[ASSIGNMENT]:
I'd like the data below restated word for word, with the pictures left out.

[DATASET CONTENT]:

== == ==

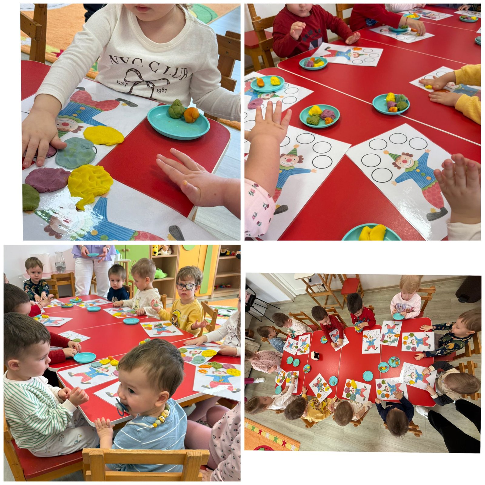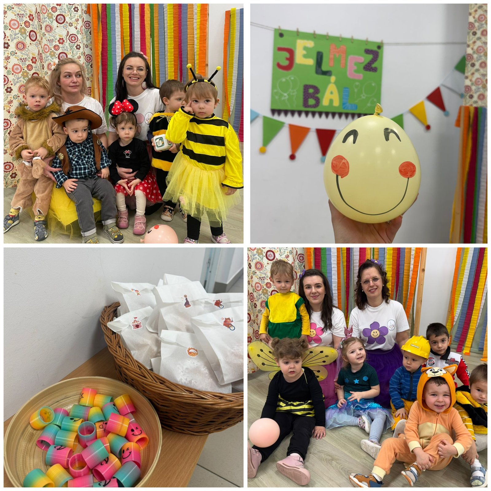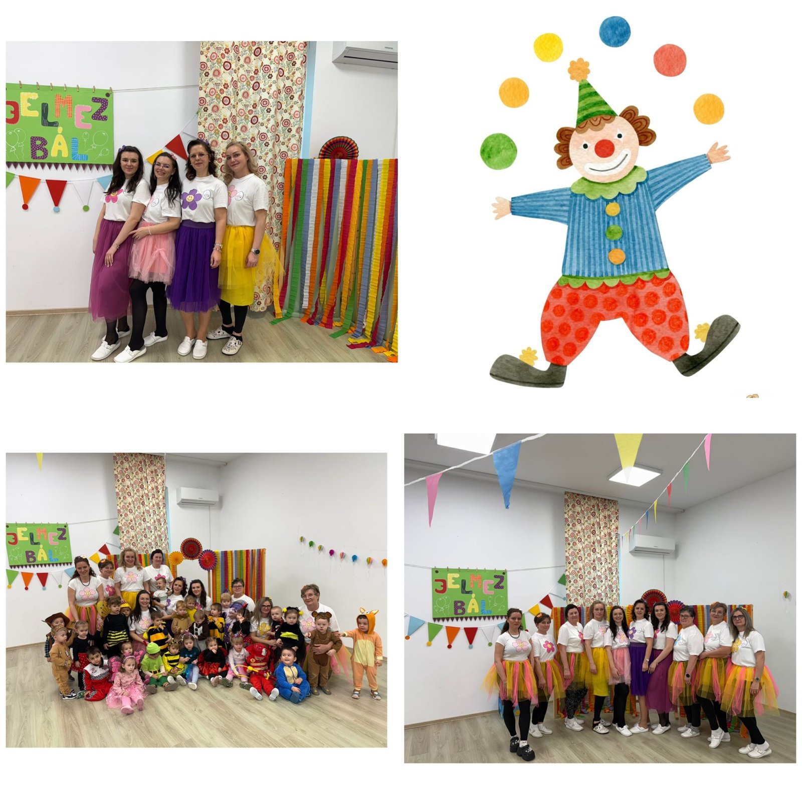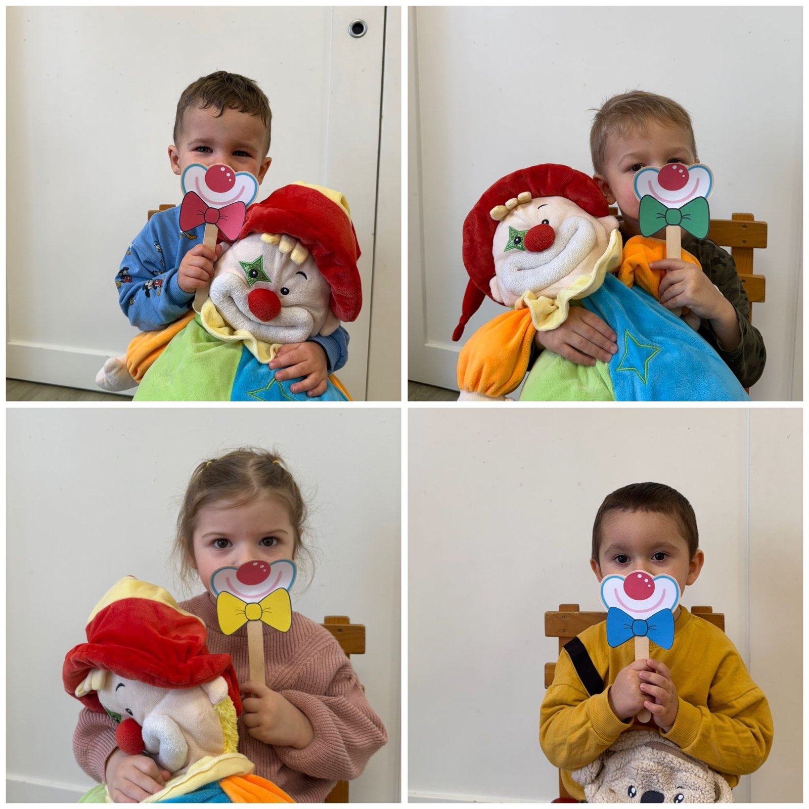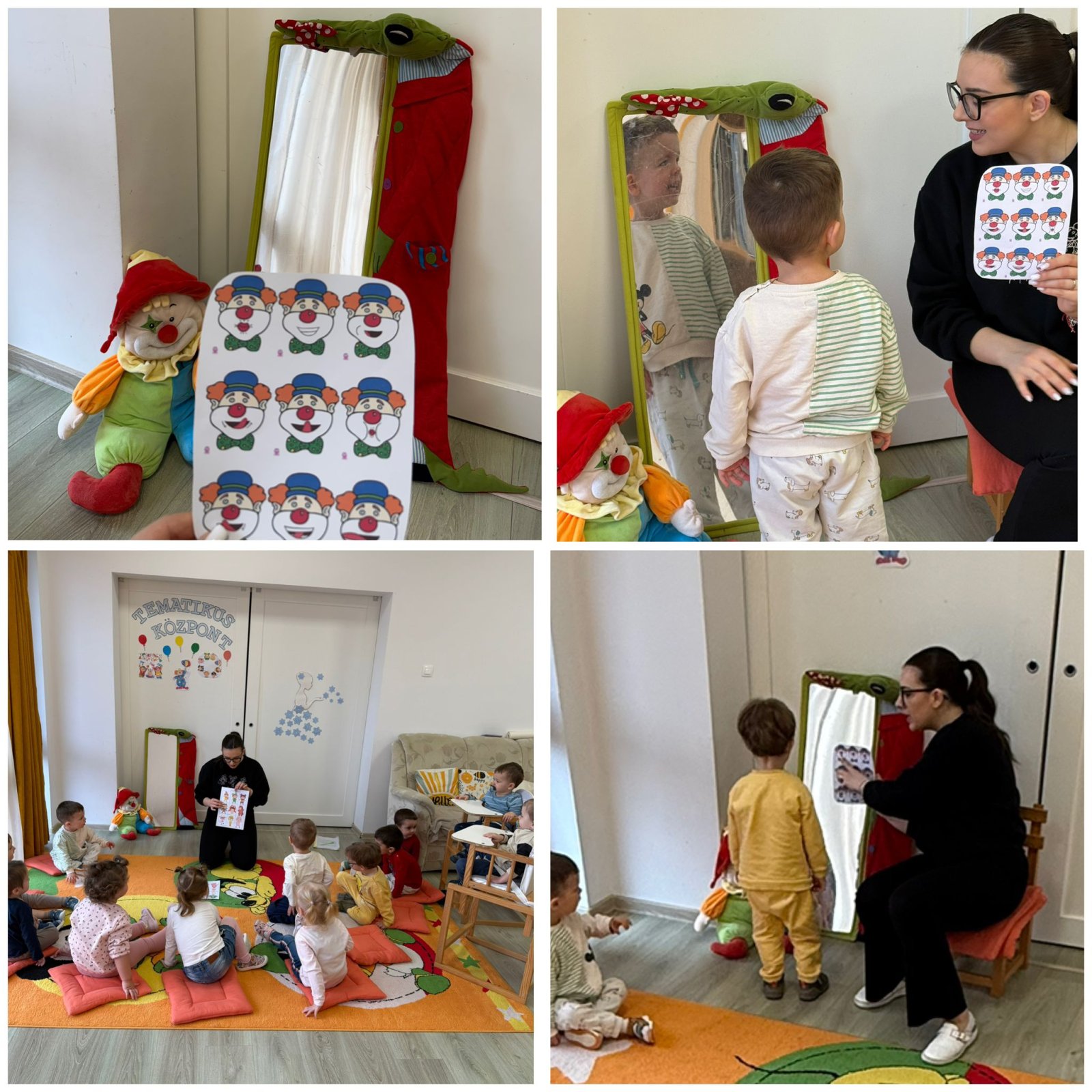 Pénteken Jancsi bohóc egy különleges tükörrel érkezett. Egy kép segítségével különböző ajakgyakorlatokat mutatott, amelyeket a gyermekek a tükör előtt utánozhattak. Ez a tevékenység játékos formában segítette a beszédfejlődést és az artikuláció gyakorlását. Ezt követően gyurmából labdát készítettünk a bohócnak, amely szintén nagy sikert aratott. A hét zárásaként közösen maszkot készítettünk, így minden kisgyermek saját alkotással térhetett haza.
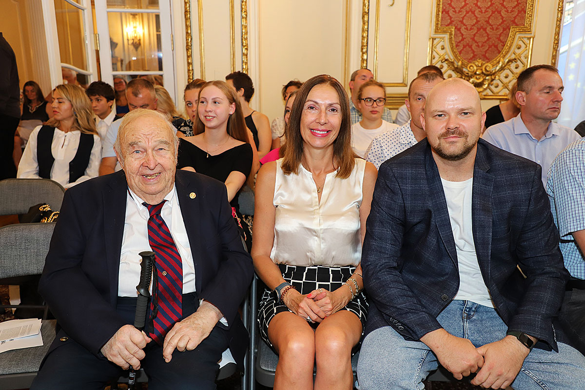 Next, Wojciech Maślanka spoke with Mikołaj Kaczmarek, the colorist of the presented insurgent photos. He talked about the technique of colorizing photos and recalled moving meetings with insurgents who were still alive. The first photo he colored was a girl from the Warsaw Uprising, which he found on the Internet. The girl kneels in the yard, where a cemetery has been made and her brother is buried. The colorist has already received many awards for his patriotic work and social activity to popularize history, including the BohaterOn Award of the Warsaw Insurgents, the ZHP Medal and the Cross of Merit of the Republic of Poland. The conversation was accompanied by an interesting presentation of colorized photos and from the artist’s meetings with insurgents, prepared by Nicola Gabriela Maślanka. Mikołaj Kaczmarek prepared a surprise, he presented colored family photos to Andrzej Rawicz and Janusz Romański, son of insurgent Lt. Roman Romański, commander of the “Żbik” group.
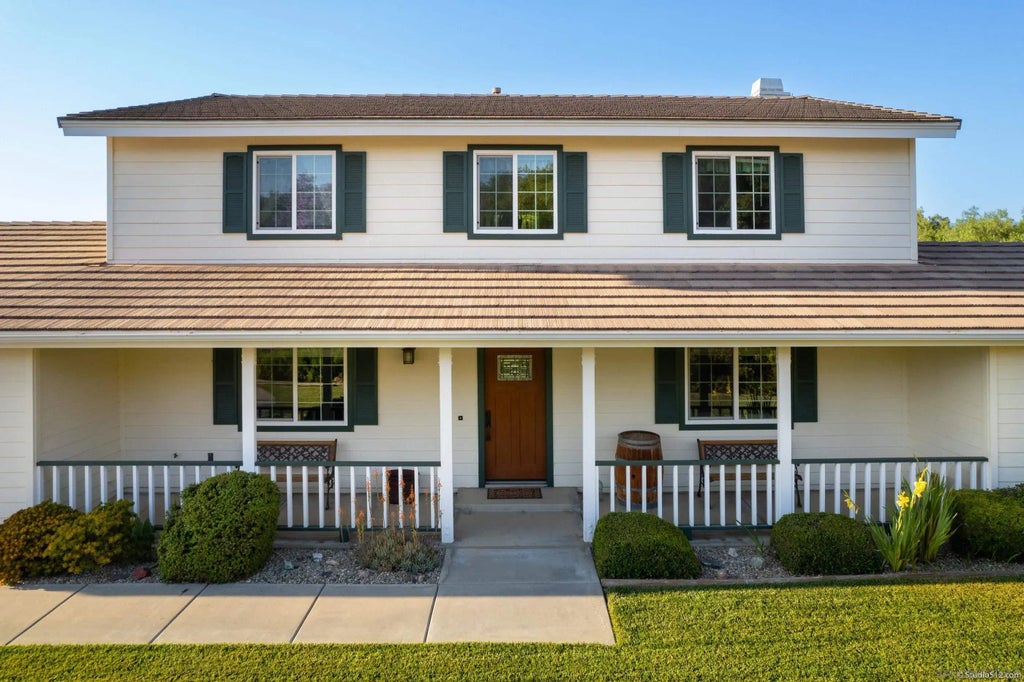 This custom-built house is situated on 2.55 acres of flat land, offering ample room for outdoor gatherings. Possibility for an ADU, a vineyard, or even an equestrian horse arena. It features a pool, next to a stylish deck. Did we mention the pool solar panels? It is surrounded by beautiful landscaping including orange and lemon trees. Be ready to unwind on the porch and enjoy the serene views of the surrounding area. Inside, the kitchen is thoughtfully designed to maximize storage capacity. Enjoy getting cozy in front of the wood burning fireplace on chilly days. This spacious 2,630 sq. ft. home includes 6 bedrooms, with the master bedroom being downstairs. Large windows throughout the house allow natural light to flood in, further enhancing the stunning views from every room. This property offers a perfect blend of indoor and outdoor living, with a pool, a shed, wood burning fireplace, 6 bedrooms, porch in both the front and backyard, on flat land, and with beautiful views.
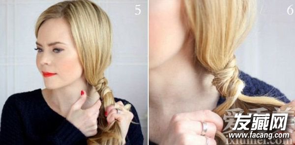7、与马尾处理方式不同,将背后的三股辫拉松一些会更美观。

== == ==

[RESULT FOR THIS EXERCISE]:
 Pénteken Jancsi bohóc egy különleges tükörrel érkezett. Egy kép segítségével különböző ajakgyakorlatokat mutatott, amelyeket a gyermekek a tükör előtt utánozhattak. Ez a tevékenység játékos formában segítette a beszédfejlődést és az artikuláció gyakorlását. Ezt követően gyurmából labdát készítettünk a bohócnak, amely szintén nagy sikert aratott. A hét zárásaként közösen maszkot készítettünk, így minden kisgyermek saját alkotással térhetett haza.
 Next, Wojciech Maślanka spoke with Mikołaj Kaczmarek, the colorist of the presented insurgent photos. He talked about the technique of colorizing photos and recalled moving meetings with insurgents who were still alive. The first photo he colored was a girl from the Warsaw Uprising, which he found on the Internet. The girl kneels in the yard, where a cemetery has been made and her brother is buried. The colorist has already received many awards for his patriotic work and social activity to popularize history, including the BohaterOn Award of the Warsaw Insurgents, the ZHP Medal and the Cross of Merit of the Republic of Poland. The conversation was accompanied by an interesting presentation of colorized photos and from the artist’s meetings with insurgents, prepared by Nicola Gabriela Maślanka. Mikołaj Kaczmarek prepared a surprise, he presented colored family photos to Andrzej Rawicz and Janusz Romański, son of insurgent Lt. Roman Romański, commander of the “Żbik” group.
 This custom-built house is situated on 2.55 acres of flat land, offering ample room for outdoor gatherings. Possibility for an ADU, a vineyard, or even an equestrian horse arena. It features a pool, next to a stylish deck. Did we mention the pool solar panels? It is surrounded by beautiful landscaping including orange and lemon trees. Be ready to unwind on the porch and enjoy the serene views of the surrounding area. Inside, the kitchen is thoughtfully designed to maximize storage capacity. Enjoy getting cozy in front of the wood burning fireplace on chilly days. This spacious 2,630 sq. ft. home includes 6 bedrooms, with the master bedroom being downstairs. Large windows throughout the house allow natural light to flood in, further enhancing the stunning views from every room. This property offers a perfect blend of indoor and outdoor living, with a pool, a shed, wood burning fireplace, 6 bedrooms, porch in both the front and backyard, on flat land, and with beautiful views.
7、与马尾处理方式不同,将背后的三股辫拉松一些会更美观。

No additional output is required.